# Clean Your Dishwasher With Lemonade Kool-Aid



## Sly Fox (Jul 3, 2013)

You can spend a lot on fancy cleaners to get the scum out of your dishwasher, or you can just pop in two 10-cent bags of lemonade Kool-Aid in the soap dispenser.

READ MORE
http://consumerist.com/2011/01/clean-your-dishwasher-with-kool-aid.html


----------



## rkunsaw (Jul 3, 2013)

If the dishwasher gets the dishes clean doesn't it clean itself at the same time?


----------



## Sly Fox (Jul 3, 2013)

rkunsaw said:


> If the dishwasher gets the dishes clean doesn't it clean itself at the same time?

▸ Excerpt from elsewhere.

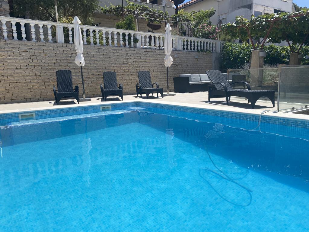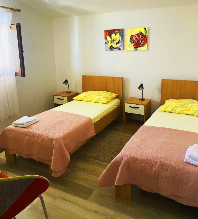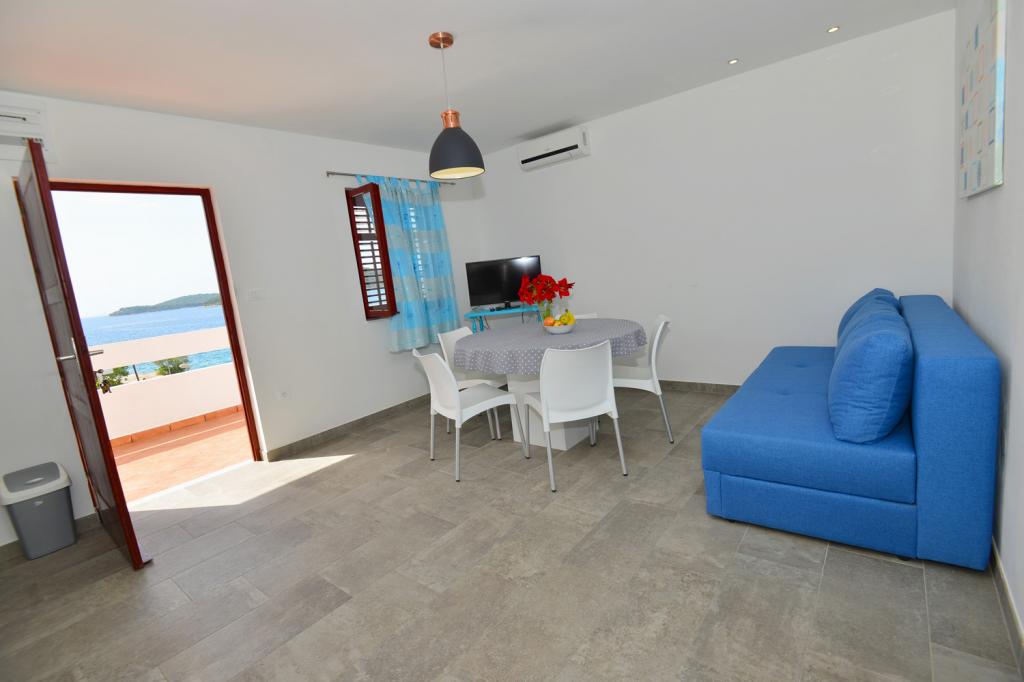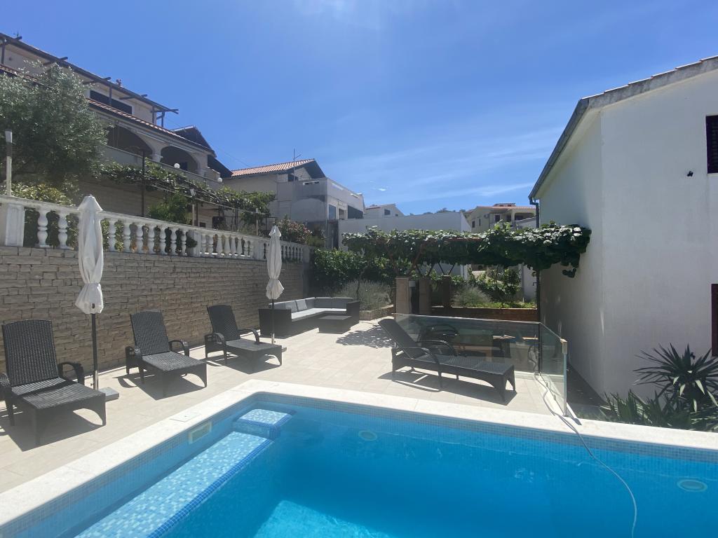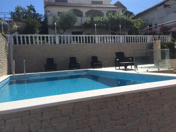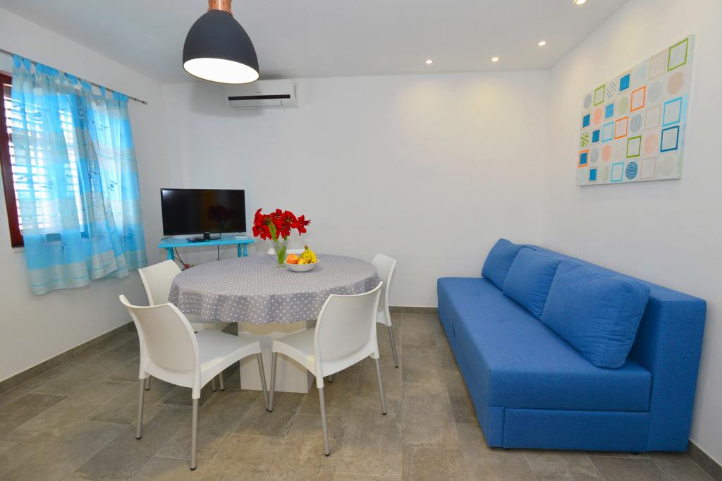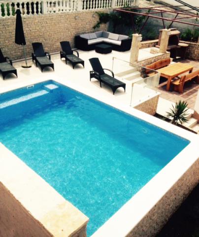 Apartmaji so zelo udobne in se nahajajo v hiši ob morju. Tik nad majhne plaže. Plaža je peščena in primerna za družine z otroki. Gostje, ki si želijo bolj intimno bivanje ob morju, se lahko odločijo za stijenovite delov obale, ki jih je mogoče doseči na kratek sprehod. Apartmaji so sestavljeni iz dveh prostorne spalnice, kopalnico, kuhinjo in veliko dnevno sobo. Vsak apartma ima teraso z mizo in stoli. Naši gostje uživajo ob jutranji kavi na terasi, ki ponuja čudovit razgled na morje in morje. Ob hiši je bazen, ki so jih gostje nastanjeni v naših dveh apartmajih v skupni rabi. Poleg bazena je prostorna vrtna opremljena z ležalniki in jedilno mizo. Gostje lahko uporabljajo nov žar, ki je določen za njihovo uporabo. Apartma je brezplačna uporaba interneta. Oddaljenost od majhnega trga je 50 metrov. Na isti razdalji je restavracija / picerija. Oddaljenost od mesta Ražanj je 500 m. Užitek sprehod do Ražanj, ker pot ob morju

Sorry, can not answer that question.  

Sound off in the comments

Scroll down to the Comments section and ask your question there.  Thanks

http://consumerist.com/2011/01/07/clean-your-dishwasher-with-kool-aid/


----------



## That Guy (Jul 3, 2013)

Lemons, in general, are great for cleaning both body and bath.  Never thought about Kool-Aid, though...


----------



## Anne (Jul 3, 2013)

I read that bits of food & grease get in the bottom areas and you have to clean that out.  Vinegar should work, but I wondered if it might cause some rust??


----------



## Anne (Jul 3, 2013)

rkunsaw said:


> If the dishwasher gets the dishes clean doesn't it clean itself at the same time?



I've pondered that question, also........


----------